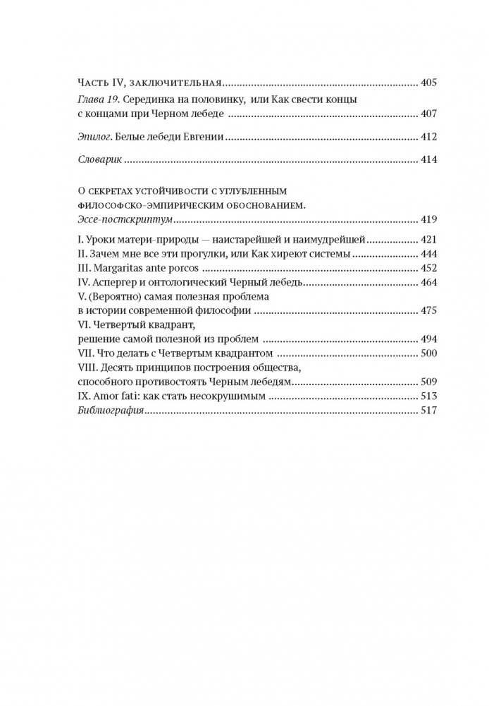 В написанном позже эссе-постскриптуме «О секретах устойчивости» Талеб дает остроумный отпор тем экономистам-ортодоксам, которые приняли созданное им антиучение в штыки.
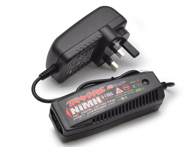 A genuine Traxxas 2A peak detect charger for use with Traxxas NiMh Power cell packs using ID connector. Comes with UK 3-Pin 240v mains / AC power supply.
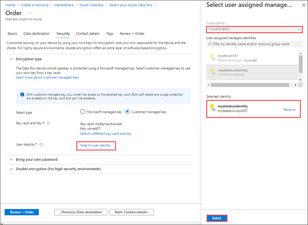 Configuring a customer-managed key for your Azure Data Box Disk is optional. By default, Data Box uses a Microsoft managed key to protect the unlock passkey.
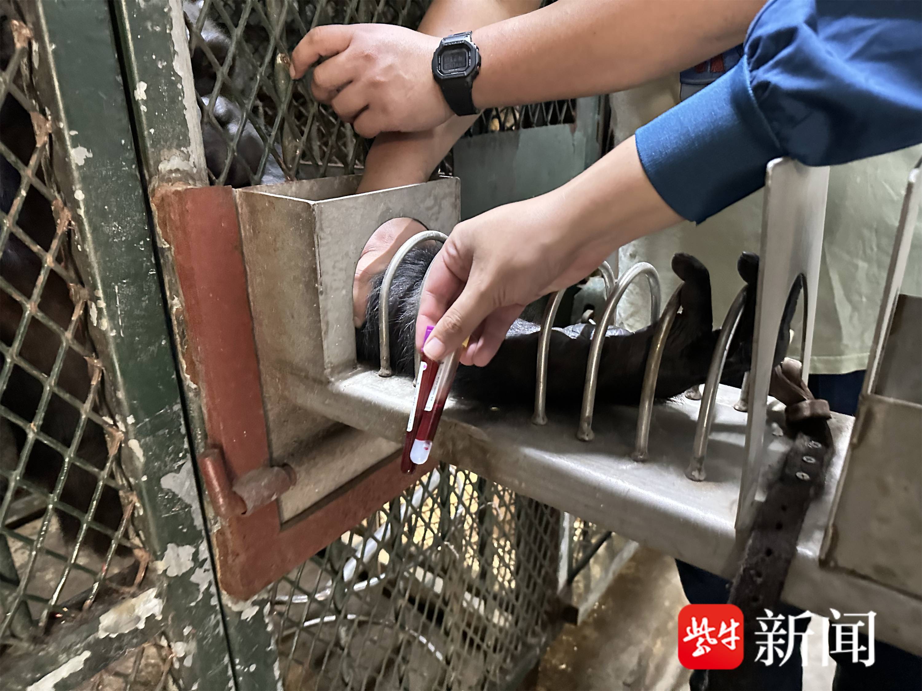 对于成年黑猩猩珍珠,在主管保育员李师傅的一声口令下,珍珠就会将手臂伸进特制的采血架中,兽医消毒之后看清血管,用手指按压血管,控制针和血管之间的角度,然后快速地将针头扎进血管抽血,静脉采血一气呵成。只要有李师傅的陪伴在旁,珍珠全程表现得都很乖。
#####
EXERCISE REQUIREMENTS — Retype exactly, please, the span from the line holding "Configuring a customer-managed" through the closing line of the data, both ends included, without the pictures.

RESULT OF THE EXERCISE —
 Configuring a customer-managed key for your Azure Data Box Disk is optional. By default, Data Box uses a Microsoft managed key to protect the unlock passkey.
 对于成年黑猩猩珍珠,在主管保育员李师傅的一声口令下,珍珠就会将手臂伸进特制的采血架中,兽医消毒之后看清血管,用手指按压血管,控制针和血管之间的角度,然后快速地将针头扎进血管抽血,静脉采血一气呵成。只要有李师傅的陪伴在旁,珍珠全程表现得都很乖。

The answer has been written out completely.